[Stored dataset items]
------
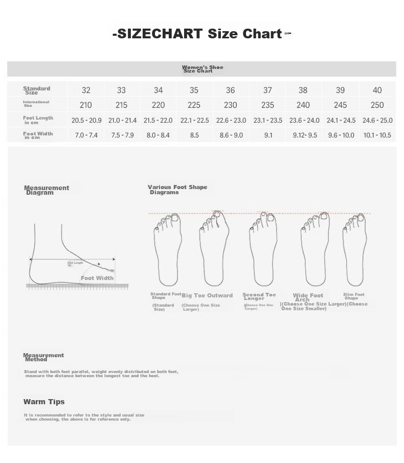 **Size Chart (Women's Shoes):**
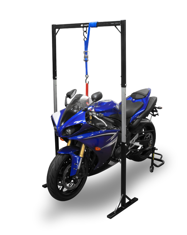 Struttura alzamoto da officina. Permette, grazie a cinghie di fissaggio di sospendere la moto ad una altezza regolabile compresa tra 170 cm e 190 cm.
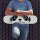 A cute black and white colour giant panda bear animal face with a smile and shiny black eyes. An original digital art design.
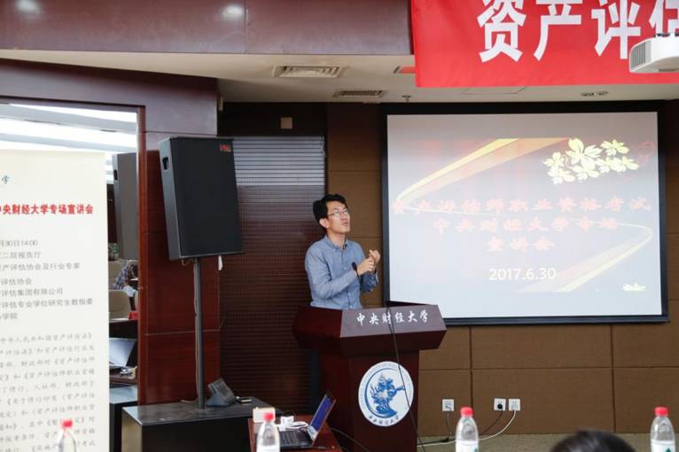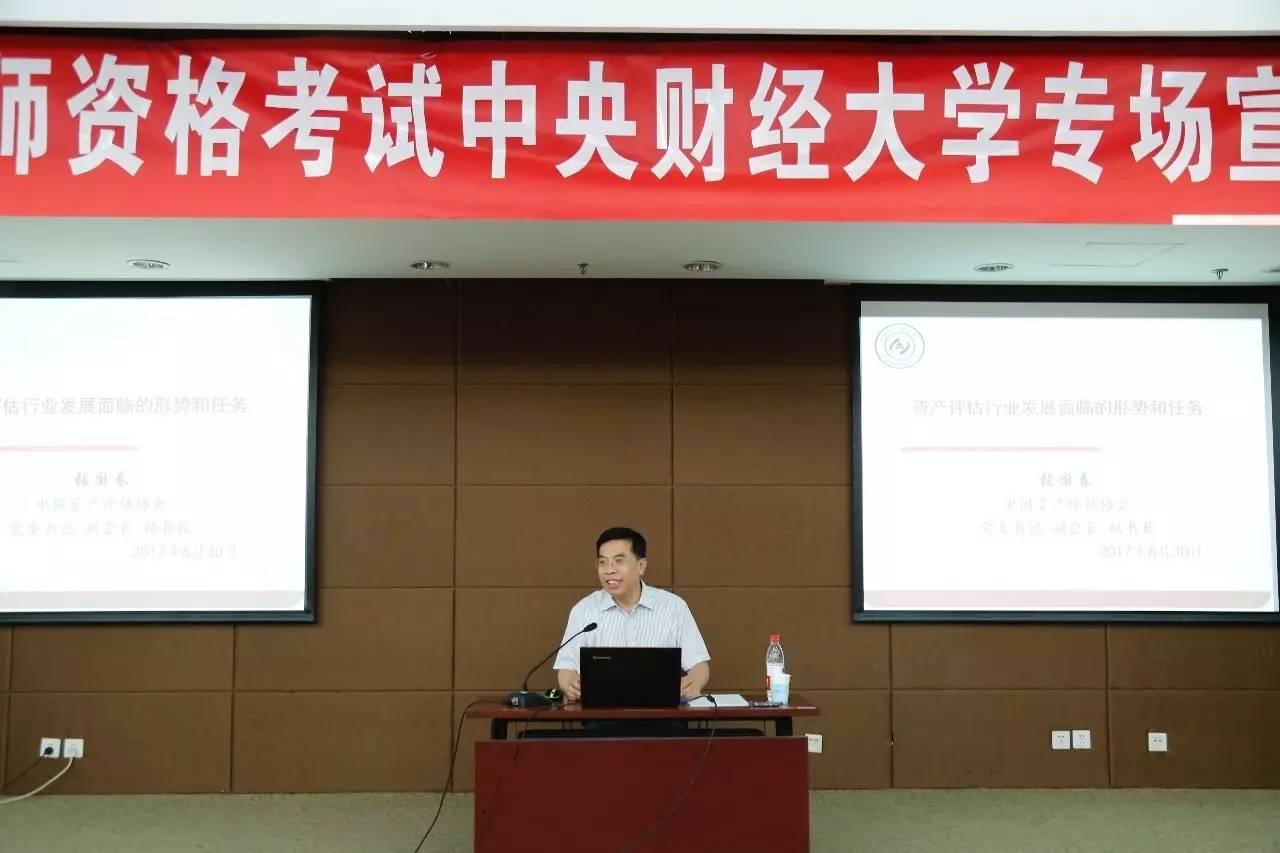 2017年6月30日,由中国资产评估协会、中联资产评估集团有限公司主办,中央财经大学财政税务学院承办的“资产评估师考试中央财经大学专场宣讲会”在中财大厦二层报告厅成功举办。中国资产评估协会秘书长张国春、副秘书长杨松堂、培训总监赵金娥,中联资产评估集团有限公司董事长范树奎、合伙人兼副总裁邓艳芳、合伙人兼总裁助理吴晓光、高级经理刘晨,中央财经大学副校长李俊生教授、财政税务学院院长白彦锋教授、财政税务学院党委副书记宋立岩、副院长肖鹏教授、副院长任强教授以及财政税务学院、会计学院的100余名师生参加了本次宣讲会。宣讲会由中央财经大学财政税务学院院长白彦锋教授主持。
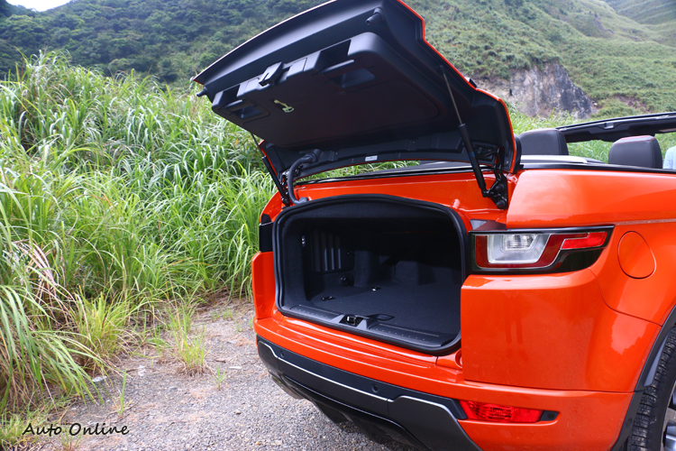 軟篷機構豪華不減![]() ▲獨特的黑色Z字型軟頂敞篷收折設計,軟蓬內裡加以隔音及隔熱強化處理。Evoque Convertible採用防水織布電動頂蓬,開關就設在中央鞍座置杯架旁,獨特的黑色Z字型軟頂敞篷收折設計,軟蓬內裡加以隔音及隔熱強化處理,可於時速48km/h以內操作,達到開啟僅需18秒、關闔21秒的速度。另外,對敞篷車型開發的全新無窗框車門結構,以簡潔俐落的設計,讓開啟頂篷時的車身比例依舊完美。 ![]() ▲收納敞篷機構空間固定,開關篷與否行李廂容量只有251公升。
------
The task = Could you repeat, exactly and with nothing else, the lines from the first line of the records through the line containing "A cute black"? Leave out the pictures.

Result of this exercise =
 **Size Chart (Women's Shoes):**
 Struttura alzamoto da officina. Permette, grazie a cinghie di fissaggio di sospendere la moto ad una altezza regolabile compresa tra 170 cm e 190 cm.
 A cute black and white colour giant panda bear animal face with a smile and shiny black eyes. An original digital art design.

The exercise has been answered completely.